Jordan Jacobs, managing partner and co-founder of AI venture capital firm Radical Ventures, warned that VC firms that don’t have in-house expertise will make “a lot of mistakes.”
“There’ll be tons of money lost by people not understanding,” he said. “This is a very technical area. Generalists coming in who don’t understand what they’re investing in, I think will get burned.”
Resisting the hype
Yang subscribes to the idea that AI holds massive potential. But he’s exhausted by the attention investors are paying the sector—calling it “nauseating” and “over the top”—and worries it’s a disservice to companies in the space.
He said it’s still not clear in many cases how AI technologies will be applied and how they will change people’s lives—something he’d rather have a clearer picture of before cutting big cheques in the sector. But he worries the hype is overinflating companies’ value and boxing out investors like him. “We don’t need things getting out of whack,” he said, comparing the AI investment climate to the recent VC boom that saw valuations ascend to unsustainable heights.
Klar also noted that while Round13 is looking for prospective AI investments, the firm is only interested in businesses that have proven they’re addressing a clear market need. “I don’t think the power of AI today is going to push us towards bets where we still don’t see product-market fit,” he said.
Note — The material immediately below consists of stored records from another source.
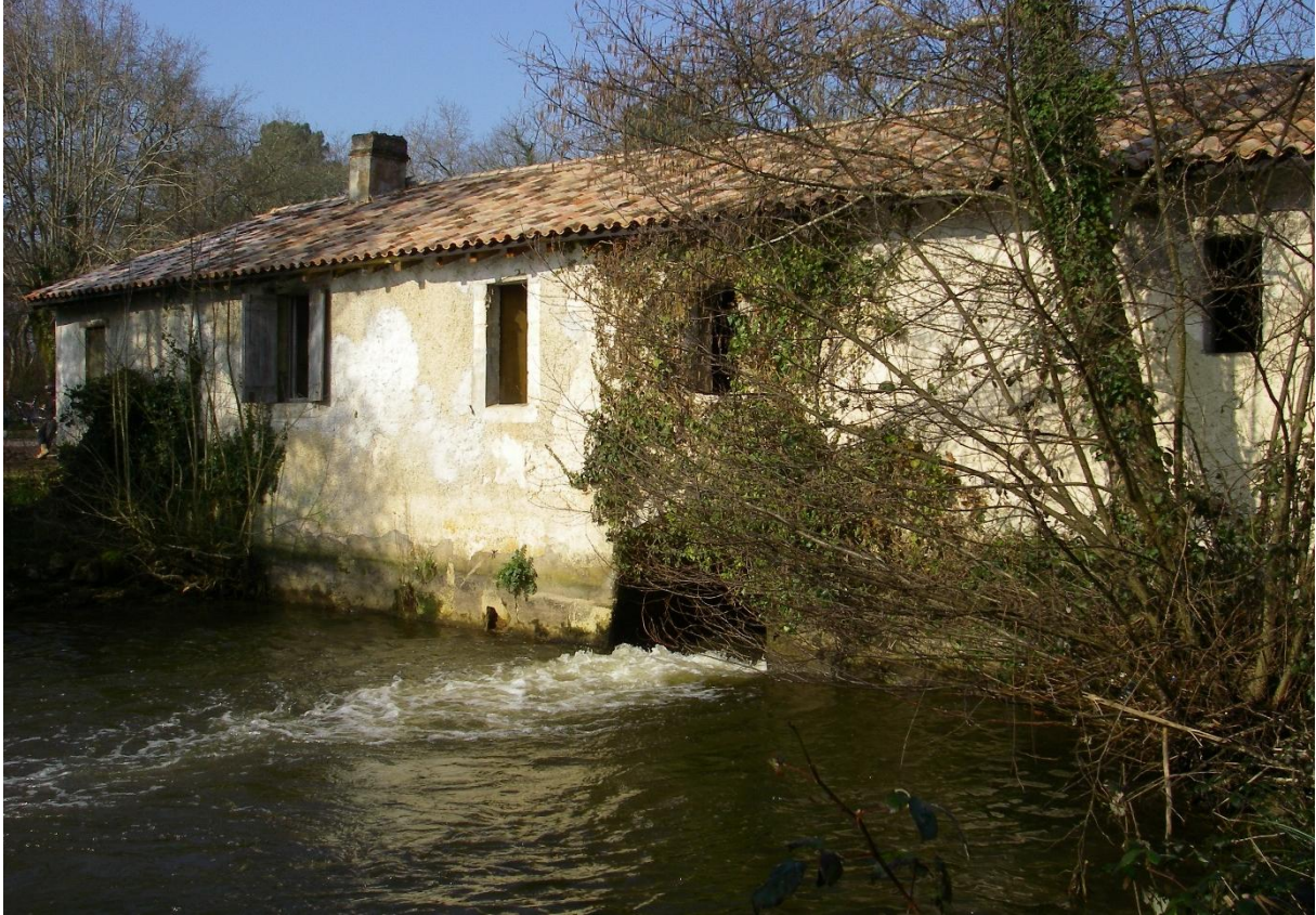
Le moulin, vue de l'aval en 2013
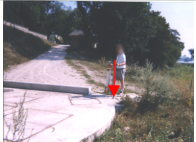
Vue du site BDHE 147 point de repère 469

Coordonnées WGS84 : X: 1.86151507 / Y: 47.89438300
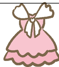
重い素材がついているもの
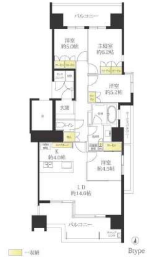
【間取り図】南東北3面角部屋 南北両面バルコニー
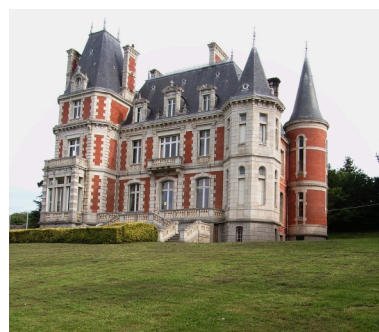
Vue générale (élévation sud) IVR53_20072209961NUCA
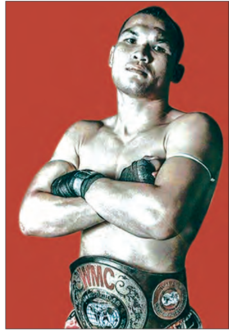
တန်ယွန်(ထိုင်း)
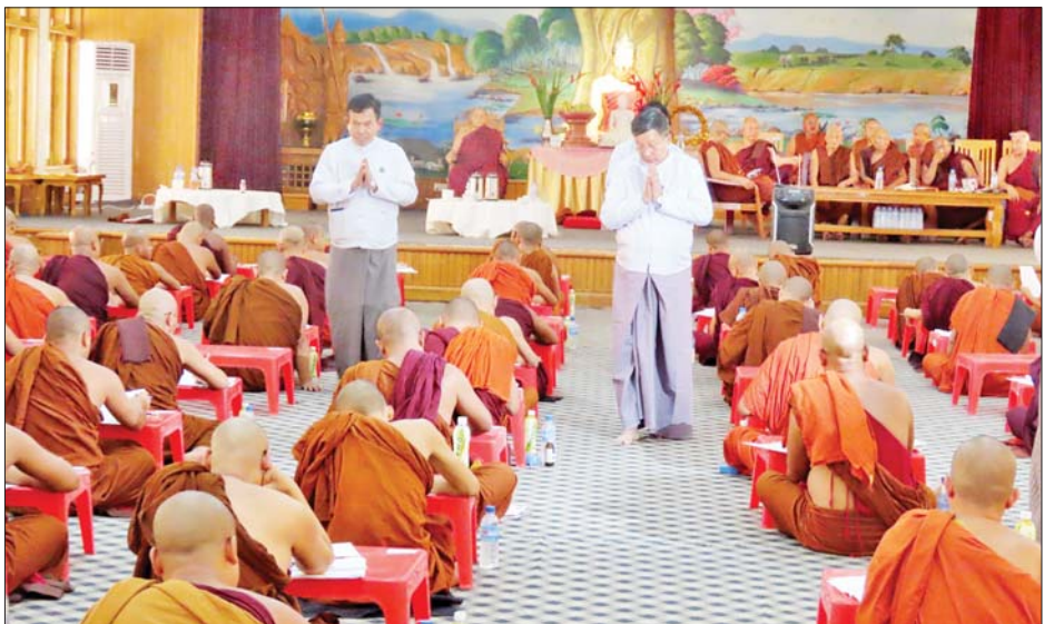
နေပြည်တော်၊ တိုင်းဒေသကြီး/ ပြည်နယ်အသီးသီးရှိ ပါဠိပထမပြန် စာဖြေဌာန ၂၁၃ ဌာနတို့တွင် ဧပြီ ၃ ရက်မှ ၉ ရက်အထိ ကျင်းပသွားမည်ဖြစ်ကြောင်း သိရသည်။ ယင်းနောက် ပြည်ထောင်စုဝန်ကြီးနှင့်အဖွဲ့

၂၀၂၄ ခုနှစ် အစိုးရဓမ္မာစရိယစာမေးပွဲများကို နေပြည်တော်၊ တိုင်းဒေသကြီး/ ပြည်နယ် အသီးသီးရှိ ဓမ္မာစရိယစာဖြေဌာန ၆၆ ဌာနတို့တွင် မတ် ၂၈ ရက်မှ စတင်၍ ကျင်းပဖြေဆိုလျက်ရှိပြီး ဧပြီ ၅ ရက်အထိ ကျင်းပသွားမည်ဖြစ်ကာ ယနေ့ ဓမ္မာစရိယစာမေးပွဲ ပါရာဇိကဏ် (ပထမနေ့) စတင်ဖြေဆိုခြင်းဖြစ်သည်။ ၂၀၂၄ ခုနှစ် ပါဠိပထမပြန်စာမေးပွဲများကိုလည်း
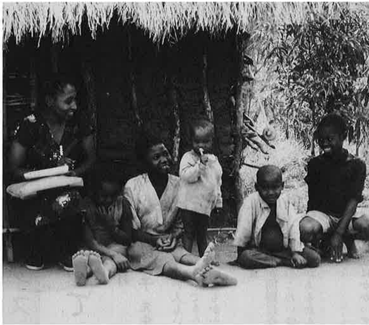
さとうきび、泥、ヤシの葉でできた家。家庭訪問をした時に撮影！
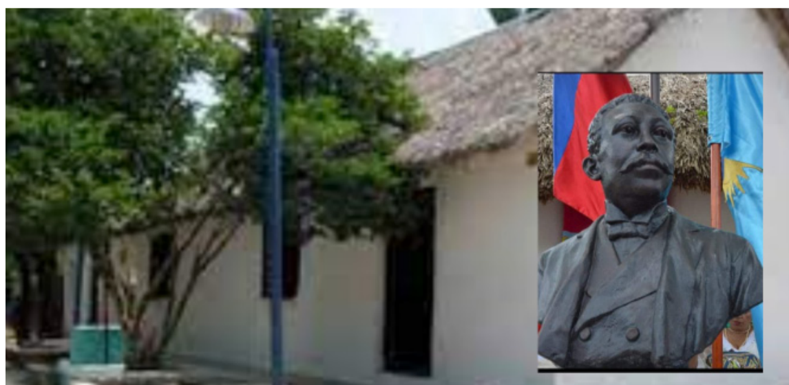
Robles fue un abogado y político, y primer afrocolombiano en llegar al Congreso.

Así mismo, fue el primer afrodescendiente en ser rector de una universidad, La Republicana, de donde nació la Universidad Libre.
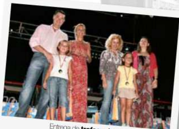
Entrega de trofeos deportes Peña 2010

18:00 PARTIDO DE FÚTBOL Atlético Tordesillas - Real Valladolid juvenil de División de Honor LUGAR Campo de Hierba ENTRADA Libre ORGANIZA Club Atlético Tordesillas
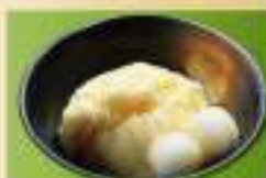
バニラ白玉みたらしソース 360円(税込)
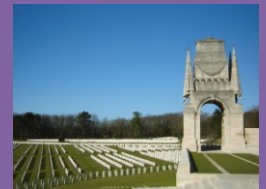
Cimetière britannique d'Etaples-sur-Mer

Celui d'Etaples-sur-Mer, plus de 11000 tombes, est le plus grand cimetière militaire britannique en France. Il témoigne du rôle joué par le Montreuillois durant la Grande Guerre.
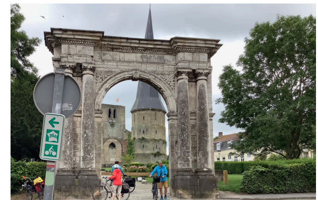
Bergues : la porte de Marbre de l'abbaye Saint Winoc
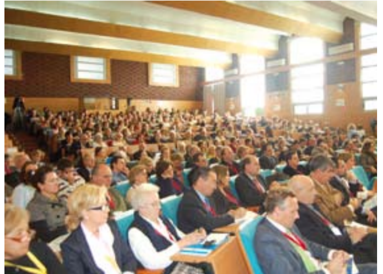
Participantes en un Congreso de Católicos y Vida Pública.
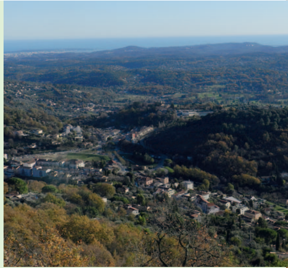
Vue depuis l'oratoire

Il comporte de nombreux ouvrages d'art au-dessus du vide et 22 tunnels d'une longueur totale de 2600 m. C'est un ouvrage classique du style aqueduc qui sera remplacé dans les années cinquante par le gros tuyau actuellement en place.
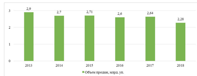
Рисунок 2 – Динамика объема импортных ЛП в РФ в натуральном выражении в 2013-2018 гг.

наименьшим значением за весь рассматриваемый период (рисунок 2).
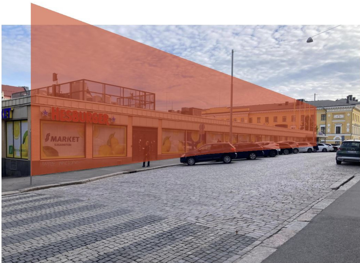
Näkymä Kasarmikadulta. Suunnitellun toimistotalon massa esitetty punaisella.
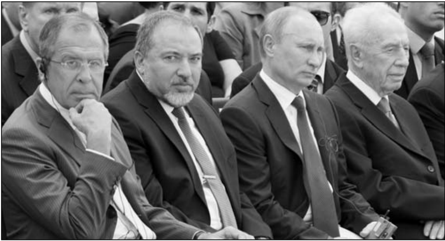
الرئيس الروسي الثالث من اليمين يتوسط الرئيس الإسرائيلي شمعون بيريس ووزير الخارجية الإسرائيلي أفغدور ليرمان وعلى اليسار يجلس وزير الخارجية الروسي سيرغي لافروف

29 بي-هـ للمهند ومينامنا. ومن المتوقع أيضاً أن تبدأ روسيا في العام الحالي بتوريد طائرات «ميج-29» إلى سورية، تنفيذاً للعقد توريد طائرات معدة للتصدير إلى الجزائر، وكذلك موسكو باختبار أولى هذه الطائرات في
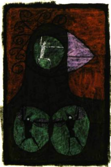
Sans titre, 1967 Pastel et encres sur papier 66 x 51 cm Collection particulière

Référence : Gérard Tremblay—L'invention d'un monde , Vie des Arts, automne 2003, no 192, p. 69-71.
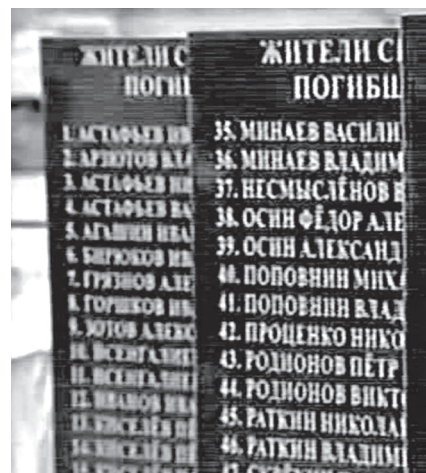
Стелы с именами участников Великой Отечественной войны сел Миусс и Карповка
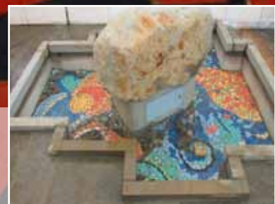
Standort: Vorplatz der Johannis-Kirche, Kirchstr. 18 Künstler: Matthias Holtmann Material: Findling, Fliesen Einweihung: 2014

Das sprudelnde Wasser, das leise Plätschern der abfallenden Tropfen - all dies soll dazu einladen, zu verweilen, sich auszuruhen, zu meditieren.
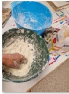
coulage et moulage (2)
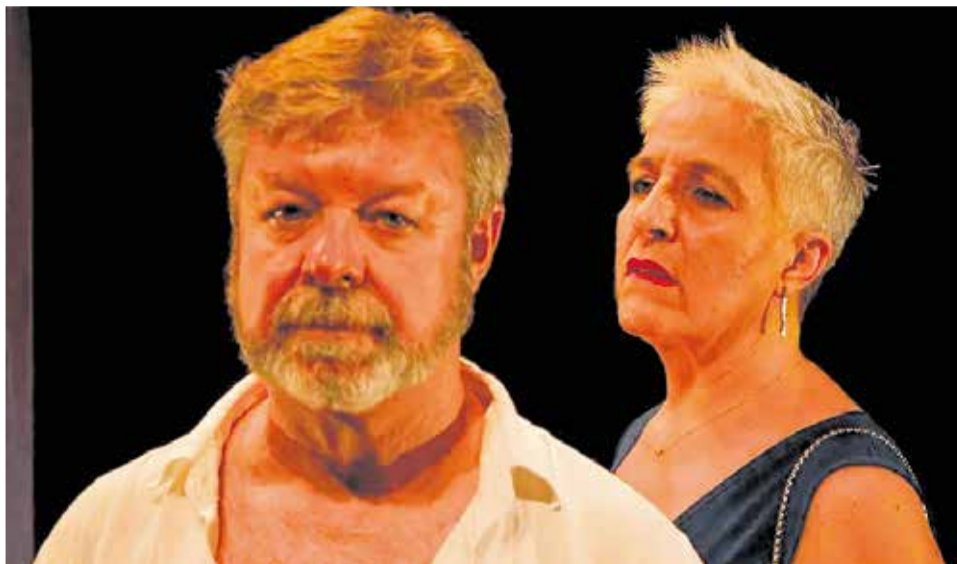
'Una carretera sense arbres', la funció del dia 30 de març a Quartell.

les principals fortaleses culturals de Quartell. Un èxit que es veurà reafirmat en esta nova edició de la Primavera de Teatre, que, sens dubte, tornarà a ser una cita ineludible per als amants del teatre en la nostra llengua.
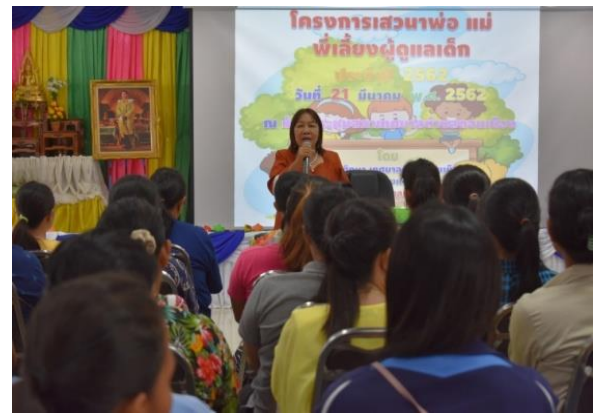
โครงการเสวนาพ่อแม่ พี่เลี้ยงผู้ดูแลเด็ก
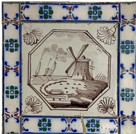
Afb. 1. Waterlandschap in het paars in een dubbele achthoekomlijsting met een anjer als hoekornament, badkamer, Noordelijke muur, inv. 125

Wederkerende elementen in het decor van de tegels doen vermoeden dat deze door één en dezelfde vakman geschilderd zijn en tot hetzelfde productielot hebben behoord. Let bijvoorbeeld op het naar links ombuigende pad dat naar de huizen en molens leidt (afb. 1). Bij de wolken komen twee verschillende formaties meerdere malen voor. De gebouwen en bijgebouwen hebben stevast een hoge schouw. In de verte liggen twee of drie zeilbootjes die meebuigen met de wind; aan de andere kant van de gebouwen buigt het riet ook mee met de wind,
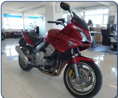
Honda CBF 1000 A árg. 2008 ekið 45 þús km. Ásett verð 680 þús Tilboð Rnr. 251263

Skapinker, meanwhile, said it’s important to resist companies that may have proven technologies and clear market demand, but limited potential return for investors. He said he considered investing in a diagnostic technology years ago that claimed to identify whether a spot on your skin was benign or potentially harmful. “Pretty soon we realized this is just a technology that everybody better use. It’s not something that’s differentiated, that one player has that nobody else in the world has,” he said. “So we spent three months looking and invested nothing.”
Managing soaring valuations
With rapidly rising valuations in the sector, it will become harder for some investors to participate in AI deals, including in existing portfolio companies.
Jacobs said Radical Ventures’s US$550-million fund—which typically invests in early-stage deals—won’t be able to keep up in a world where companies are raising billion-dollar rounds. “At some point we just get tapped out,” he said.
In that event, there are other ways the firm can maintain its stakes in portfolio companies, like creating an opportunity fund. Ultimately, he said it’s a good problem to have. “It means you’re writing cheques into massive winners,” he said.
But whether to double down on those winners or make a new bet on what could be the next big thing is a tricky calculation, Jacobs said. “Every single dollar we invest … we want to maximize the return,” he said. “Are we better off following on something if we think there’s a 10x [return] ahead on it? Or is there something else that we can invest in earlier and get 100x?”